Since 2013 I’ve been donating my WNBA salary to my non-profit Hopey’s Heart Foundation, which I started to raise awareness of Sudden Cardiac Arrest through the placement of Automated External Defibrillators to all nonprofit organizations. This year, I am forfeiting that commitment to focus on Black-owned businesses and organizations in support of the Black Lives Matter Movement. I will also focus on communities that are in need as a result of COVID-19.

As a way of helping to honor and remember George Floyd and all the others who were taken too soon, I will immediately be making countless $846 donations to different black-owned businesses and organizations. That number, which ties back to the eight minutes and 46 seconds that George Floyd was brutalized, is significant. And my hope is that these donations will help serve as a reminder of the injustice that occurred.

I can see change happening in the present, but we cannot stop marching. There is still more work to be done.

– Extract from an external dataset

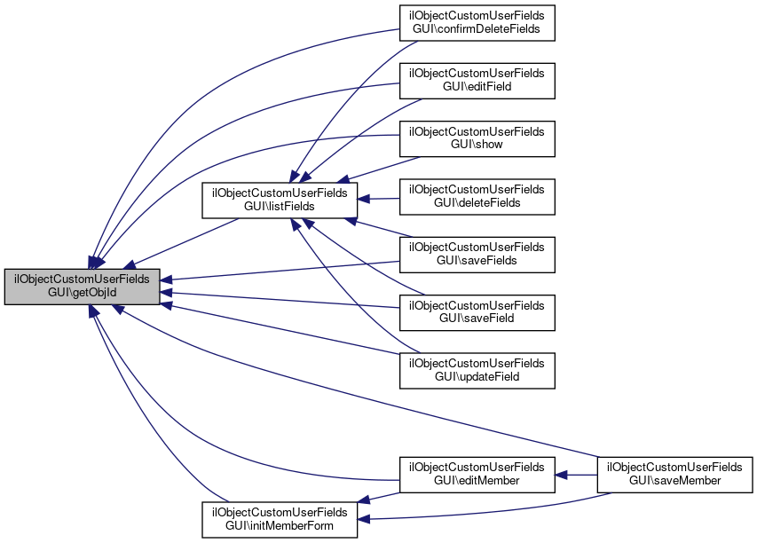 References ilMemberAgreement\_deleteByObjId(), ILIAS\Repository\form(), getObjId(), initFieldForm(), initFielIdFromQuery(), listFields(), and ILIAS\Repository\lng().
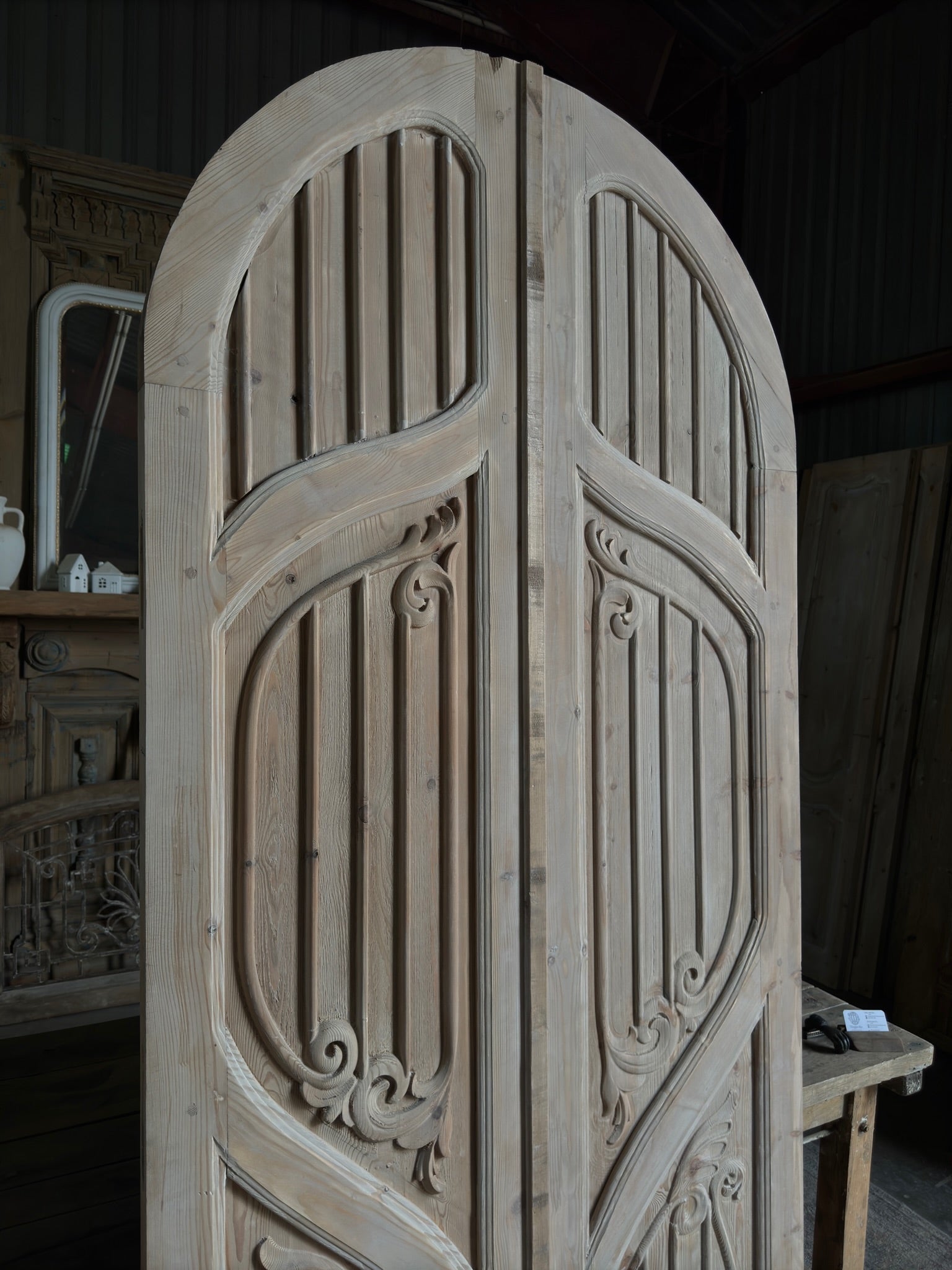 (The Merlin) Handrcrafted Arched Baltic Pine French Doors - 43.5x96.5 H242

Beyond that, I really do want to encourage everyone — all of us, people of all backgrounds — to rally together around making sure that we achieve the change we need. It’s going to take all of us, because there’s not going to be any real, lasting change until the people who are and have always been comfortable are made to feel uncomfortable.

This time around it’s not just been Black America at the forefront, it’s been people of many different races and ethnicities and backgrounds. It’s become an international rally. That gives me real hope long-term, that maybe this time things can be different, and that we can sustain this momentum.

And, to me at least, this time things really do feel different.

This feels bigger. More broad. More of a focal point to more people.

So that’s where I want to leave this.

With some hope for our collective future.

My grandfather always reminds me of Philippians 1:6, which states “Being confident of this, that he who began a good work in you will carry it on to completion.”

I encourage you to keep going and to always keep the faith. Just think, turning the ship one degree now means down the line we end up in an entirely different destination.

And just know that while I’m away I’m going to be doing my part to help ensure that by the time I’m able to return to the court, God willing, this country will be in a much better and equitable place.